SP3

ODE-based modeling of drug response in HER2-low breast cancer

Key question of the subproject is the identification and quantitative description of the mechanisms of action of different targeted therapeutics  employed to treat breast cancer with low to moderate expression levels of HER2 (ERBB2). To this end, biologically motivated mathematical models of the cell are designed to describe the interactions of receptors and signaling pathway proteins.
Our approach is based on dynamic modeling.
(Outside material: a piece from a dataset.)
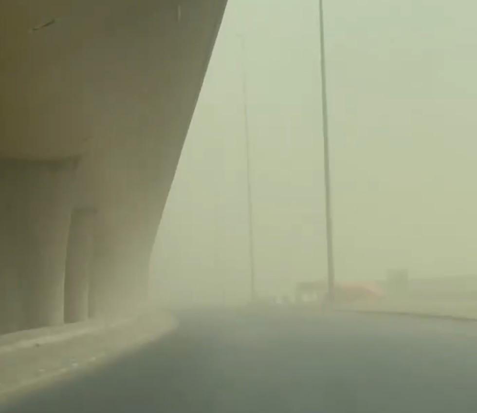 据《体坛周报》前方记者马德兴通过社交媒体发布现场视频显示,当地空中能见度明显下降,风沙弥漫,道路周边被黄沙笼罩,天气条件较为恶劣。

A dynamic model describes the time evolution of a biological systems by differential equations. Those express loss and gain of the modeled protein concentrations. The formation of receptor dimers and the subsequent phosphorylation of intracellular proteins present fundamental processes, as shown in Fig. 1. Considering all possible interactions leads to a huge network of coupled differential equations. A key aspect of modeling is therefore the identification of biologica processes that are relevant for the given problem and and need to be included in  the model. Fig. 2 shows a model describing the mechanism of action of the therapeutic antibody trastuzumab clinically applied to treat HER2-high breast cancer.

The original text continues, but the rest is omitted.